What to produce: Please return only the lines from the one showing "Epitaphios gemaakt in" to the end of the entries, keeping both ends and dropping every picture.
(Source material begins)
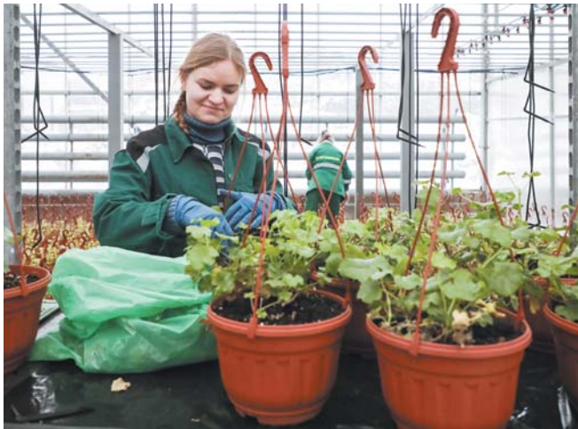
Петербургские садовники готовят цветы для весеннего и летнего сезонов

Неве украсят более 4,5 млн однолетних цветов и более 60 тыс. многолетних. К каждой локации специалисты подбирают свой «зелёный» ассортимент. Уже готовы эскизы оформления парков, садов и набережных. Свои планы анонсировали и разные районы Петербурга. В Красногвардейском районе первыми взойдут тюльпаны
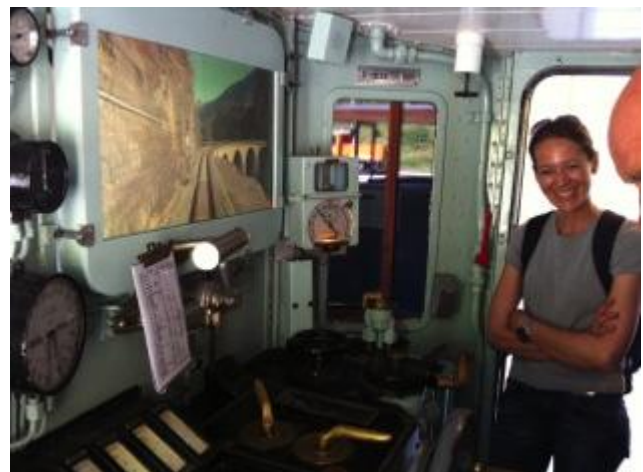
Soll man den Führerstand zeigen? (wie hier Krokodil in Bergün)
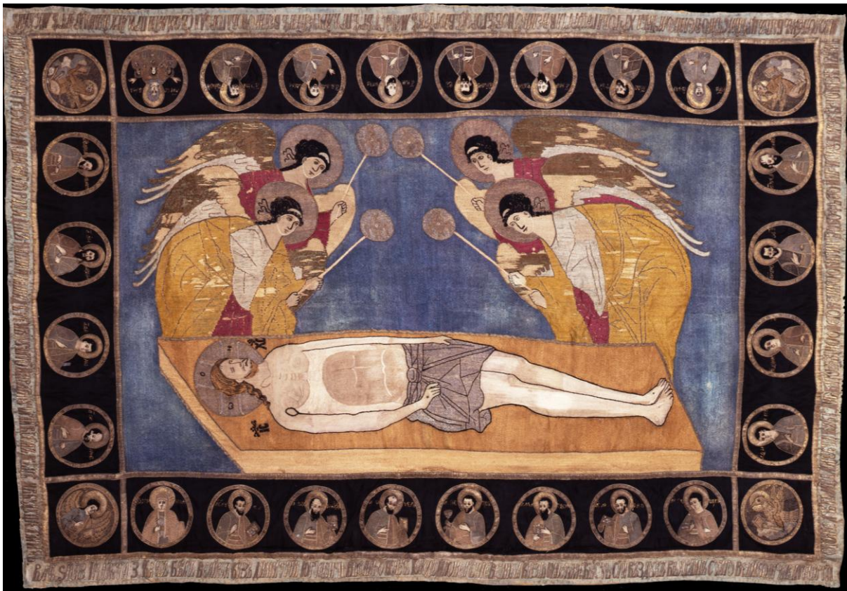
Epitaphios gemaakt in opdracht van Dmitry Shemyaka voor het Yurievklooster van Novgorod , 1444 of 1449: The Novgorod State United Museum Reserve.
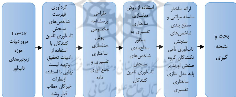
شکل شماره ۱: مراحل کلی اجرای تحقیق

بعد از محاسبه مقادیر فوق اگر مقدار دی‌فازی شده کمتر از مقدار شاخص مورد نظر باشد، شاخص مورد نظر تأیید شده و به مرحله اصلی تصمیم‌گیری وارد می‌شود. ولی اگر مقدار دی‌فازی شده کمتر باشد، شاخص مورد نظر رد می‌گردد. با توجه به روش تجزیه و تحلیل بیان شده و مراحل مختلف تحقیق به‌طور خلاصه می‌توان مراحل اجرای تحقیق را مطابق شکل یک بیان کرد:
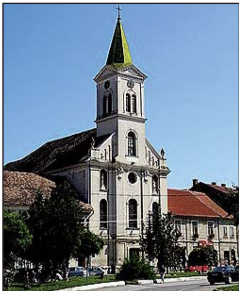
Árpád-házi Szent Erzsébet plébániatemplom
(Source material ends)
Exercise result:
Epitaphios gemaakt in opdracht van Dmitry Shemyaka voor het Yurievklooster van Novgorod , 1444 of 1449: The Novgorod State United Museum Reserve.
شکل شماره ۱: مراحل کلی اجرای تحقیق

بعد از محاسبه مقادیر فوق اگر مقدار دی‌فازی شده کمتر از مقدار شاخص مورد نظر باشد، شاخص مورد نظر تأیید شده و به مرحله اصلی تصمیم‌گیری وارد می‌شود. ولی اگر مقدار دی‌فازی شده کمتر باشد، شاخص مورد نظر رد می‌گردد. با توجه به روش تجزیه و تحلیل بیان شده و مراحل مختلف تحقیق به‌طور خلاصه می‌توان مراحل اجرای تحقیق را مطابق شکل یک بیان کرد:
Árpád-házi Szent Erzsébet plébániatemplom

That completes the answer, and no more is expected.